Vik Muniz
[Artist, b. 1961, Sao Paulo, Brazil, lives in New York.]

 My first reaction to finding Robert Smithson’s Spiral Jetty in a book was, “Wow, what a great photograph!” I could not believe that someone had gone to so much trouble just to end up with a picture. 
 Illusions as bad as mine make people aware of the fallacies of visual information and the pleasure to be derived from such fallacies. 
 Whenever I am tired of making photographs of drawings, I make drawings of photographs. 
 If you find an idea without form, please let me know because I would love to take a picture of it. 
 Now that photography is a digital medium, the ghost of painting is coming to haunt it: photography no longer retains a sense of truth. I think that's great, because it frees photography from factuality, the same way photography freed painting from factuality in the mid-nineteenth century. 
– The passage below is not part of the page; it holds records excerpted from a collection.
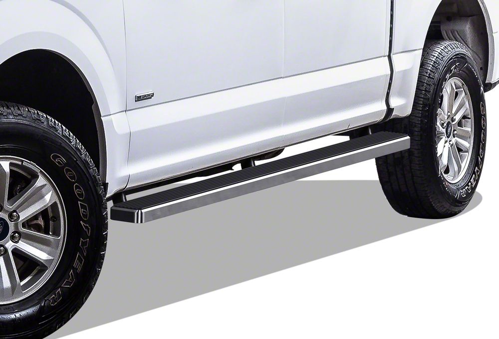 Easy and Secure Cabin Access. Getting in and out of your truck can be tricky when the road is wet or muddy. These 5-Inch iStep Running Boards will give your passengers an easy and secure access to the cabin of your Ford F-150. With wide step pads and full-length bars, these running boards offer plenty of step surfaces so you don’t have to worry about accidentally slipping. The rubber treads of these step bars also offer maximum traction in any weather.
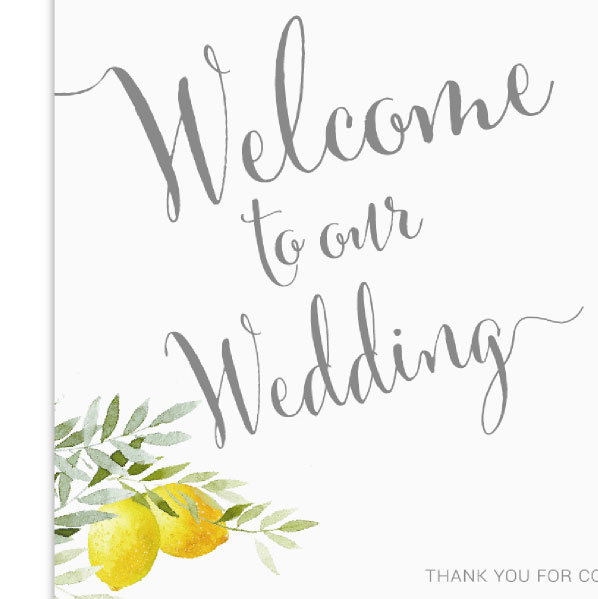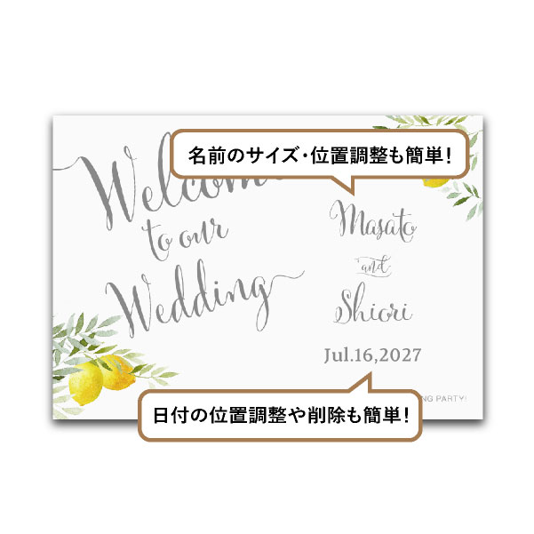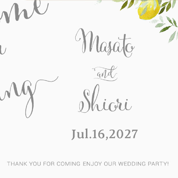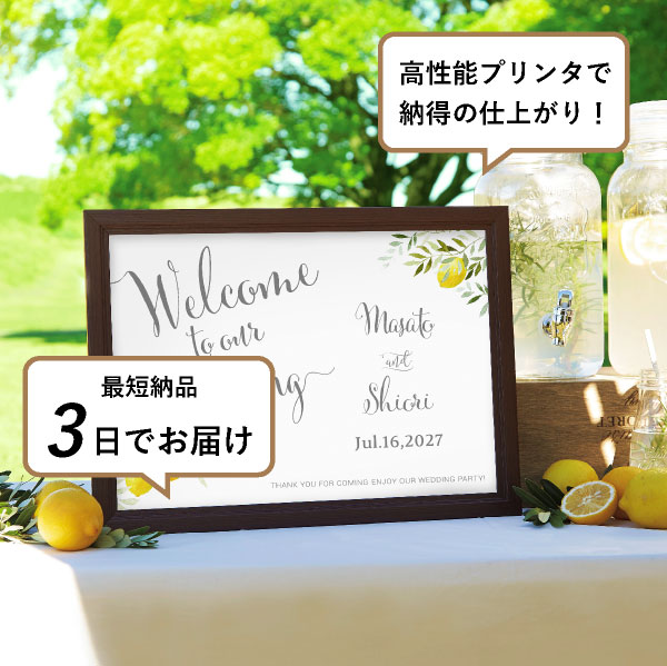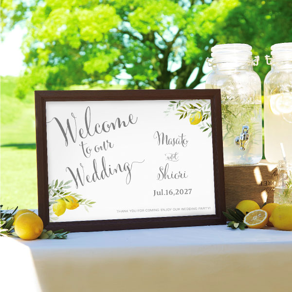 レモンから感じるさわやかさがまるでおふたりの人柄を感じるデザインのウェルカムボード。ガーデンやナチュラルウェディングにおすすめな一枚。
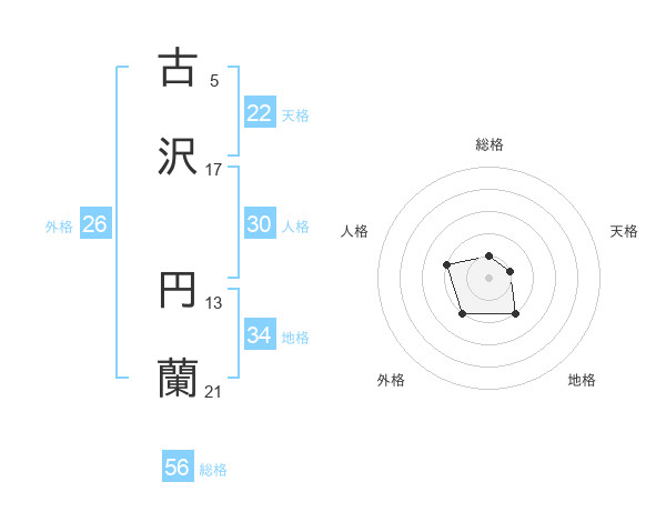 古沢 円蘭さんを姓名の画数から五運を鑑定

 I hate to say I’m a photographer, because I learned photography as I went along. But I also hate to say I’m a painter, a draftsman, even an artist. I think it’s good when you’re confused about what you are; it means you haven’t defined yourself as an artist yet. 
 Art objects are inanimate sad bits of matter hanging in the dark when no one is looking. The artist only does half the work; the viewer has to come up with the rest, and it is by empowering the viewer that the miracle of art gains its force. 
 A lot of the time you keep looking for beauty, but it is already there. And if you look with a little bit more intention, you see it.